▶ **DATA SHOWN**

__________________________________________________

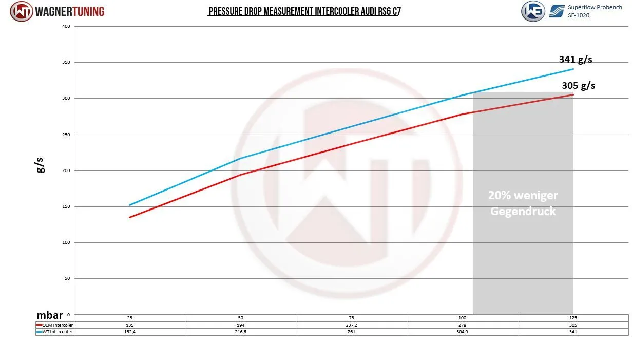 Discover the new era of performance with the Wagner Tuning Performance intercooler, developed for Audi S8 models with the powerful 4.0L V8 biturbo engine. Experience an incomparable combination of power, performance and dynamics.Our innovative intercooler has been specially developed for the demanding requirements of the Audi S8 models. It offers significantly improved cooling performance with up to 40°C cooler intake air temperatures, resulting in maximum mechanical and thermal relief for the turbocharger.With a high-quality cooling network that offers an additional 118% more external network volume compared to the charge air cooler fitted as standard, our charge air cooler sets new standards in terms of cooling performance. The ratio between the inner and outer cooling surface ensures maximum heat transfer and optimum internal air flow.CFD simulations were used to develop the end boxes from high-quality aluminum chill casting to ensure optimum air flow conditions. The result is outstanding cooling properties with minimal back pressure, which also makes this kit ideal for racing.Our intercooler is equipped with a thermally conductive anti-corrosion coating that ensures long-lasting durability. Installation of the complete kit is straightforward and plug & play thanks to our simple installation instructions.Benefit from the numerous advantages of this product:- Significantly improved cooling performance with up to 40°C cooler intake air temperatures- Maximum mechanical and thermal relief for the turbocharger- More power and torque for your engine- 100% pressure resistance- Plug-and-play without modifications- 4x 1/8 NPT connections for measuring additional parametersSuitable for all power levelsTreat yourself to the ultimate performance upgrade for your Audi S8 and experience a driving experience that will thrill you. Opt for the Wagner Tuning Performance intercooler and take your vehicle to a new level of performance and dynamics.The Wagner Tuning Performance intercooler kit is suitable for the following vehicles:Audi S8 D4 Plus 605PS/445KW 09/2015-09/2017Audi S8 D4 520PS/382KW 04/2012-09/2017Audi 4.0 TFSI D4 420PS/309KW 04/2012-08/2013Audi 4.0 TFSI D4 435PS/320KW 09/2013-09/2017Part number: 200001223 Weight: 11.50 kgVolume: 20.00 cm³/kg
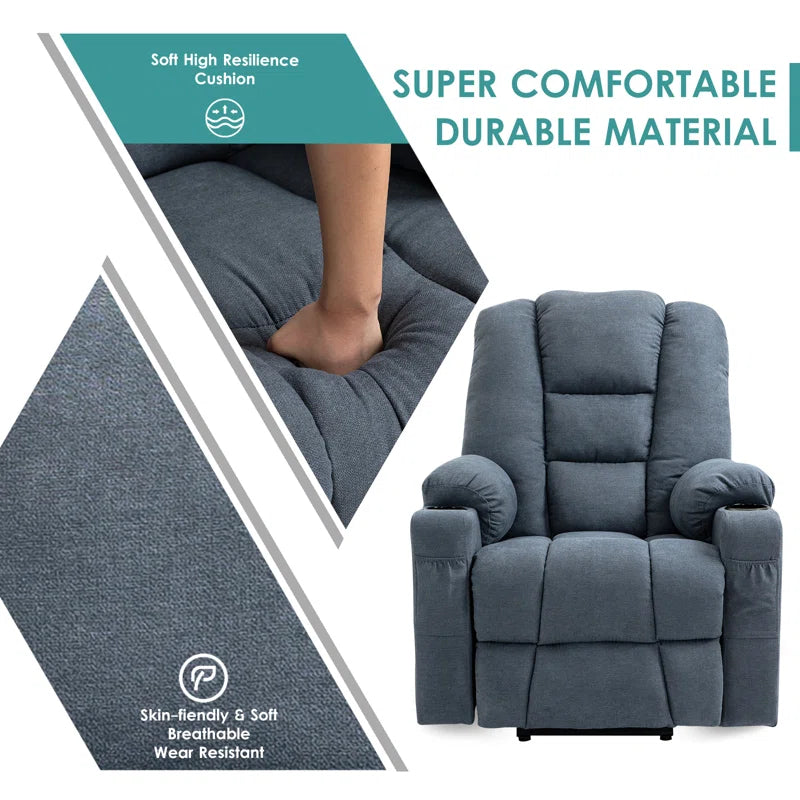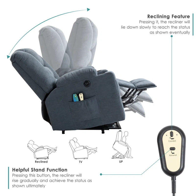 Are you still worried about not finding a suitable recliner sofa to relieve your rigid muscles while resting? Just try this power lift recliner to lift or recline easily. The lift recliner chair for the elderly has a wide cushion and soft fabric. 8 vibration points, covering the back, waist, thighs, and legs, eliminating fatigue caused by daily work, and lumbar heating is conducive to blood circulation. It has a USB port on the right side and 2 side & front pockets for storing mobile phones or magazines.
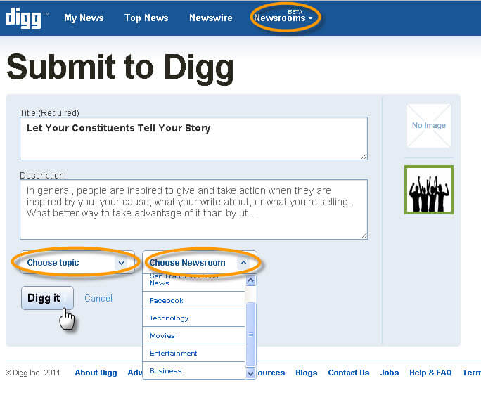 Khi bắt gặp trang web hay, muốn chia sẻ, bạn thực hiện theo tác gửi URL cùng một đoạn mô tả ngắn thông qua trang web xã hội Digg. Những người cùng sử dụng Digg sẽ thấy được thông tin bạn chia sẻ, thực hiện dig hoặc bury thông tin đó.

__________________________________________________

▶ **EXERCISE DESCRIPTION**
Could you repeat all of the data exactly, minus the pictures?

▶ **TASK RESPONSE**
 Discover the new era of performance with the Wagner Tuning Performance intercooler, developed for Audi S8 models with the powerful 4.0L V8 biturbo engine. Experience an incomparable combination of power, performance and dynamics.Our innovative intercooler has been specially developed for the demanding requirements of the Audi S8 models. It offers significantly improved cooling performance with up to 40°C cooler intake air temperatures, resulting in maximum mechanical and thermal relief for the turbocharger.With a high-quality cooling network that offers an additional 118% more external network volume compared to the charge air cooler fitted as standard, our charge air cooler sets new standards in terms of cooling performance. The ratio between the inner and outer cooling surface ensures maximum heat transfer and optimum internal air flow.CFD simulations were used to develop the end boxes from high-quality aluminum chill casting to ensure optimum air flow conditions. The result is outstanding cooling properties with minimal back pressure, which also makes this kit ideal for racing.Our intercooler is equipped with a thermally conductive anti-corrosion coating that ensures long-lasting durability. Installation of the complete kit is straightforward and plug & play thanks to our simple installation instructions.Benefit from the numerous advantages of this product:- Significantly improved cooling performance with up to 40°C cooler intake air temperatures- Maximum mechanical and thermal relief for the turbocharger- More power and torque for your engine- 100% pressure resistance- Plug-and-play without modifications- 4x 1/8 NPT connections for measuring additional parametersSuitable for all power levelsTreat yourself to the ultimate performance upgrade for your Audi S8 and experience a driving experience that will thrill you. Opt for the Wagner Tuning Performance intercooler and take your vehicle to a new level of performance and dynamics.The Wagner Tuning Performance intercooler kit is suitable for the following vehicles:Audi S8 D4 Plus 605PS/445KW 09/2015-09/2017Audi S8 D4 520PS/382KW 04/2012-09/2017Audi 4.0 TFSI D4 420PS/309KW 04/2012-08/2013Audi 4.0 TFSI D4 435PS/320KW 09/2013-09/2017Part number: 200001223 Weight: 11.50 kgVolume: 20.00 cm³/kg
 Are you still worried about not finding a suitable recliner sofa to relieve your rigid muscles while resting? Just try this power lift recliner to lift or recline easily. The lift recliner chair for the elderly has a wide cushion and soft fabric. 8 vibration points, covering the back, waist, thighs, and legs, eliminating fatigue caused by daily work, and lumbar heating is conducive to blood circulation. It has a USB port on the right side and 2 side & front pockets for storing mobile phones or magazines.
 Khi bắt gặp trang web hay, muốn chia sẻ, bạn thực hiện theo tác gửi URL cùng một đoạn mô tả ngắn thông qua trang web xã hội Digg. Những người cùng sử dụng Digg sẽ thấy được thông tin bạn chia sẻ, thực hiện dig hoặc bury thông tin đó.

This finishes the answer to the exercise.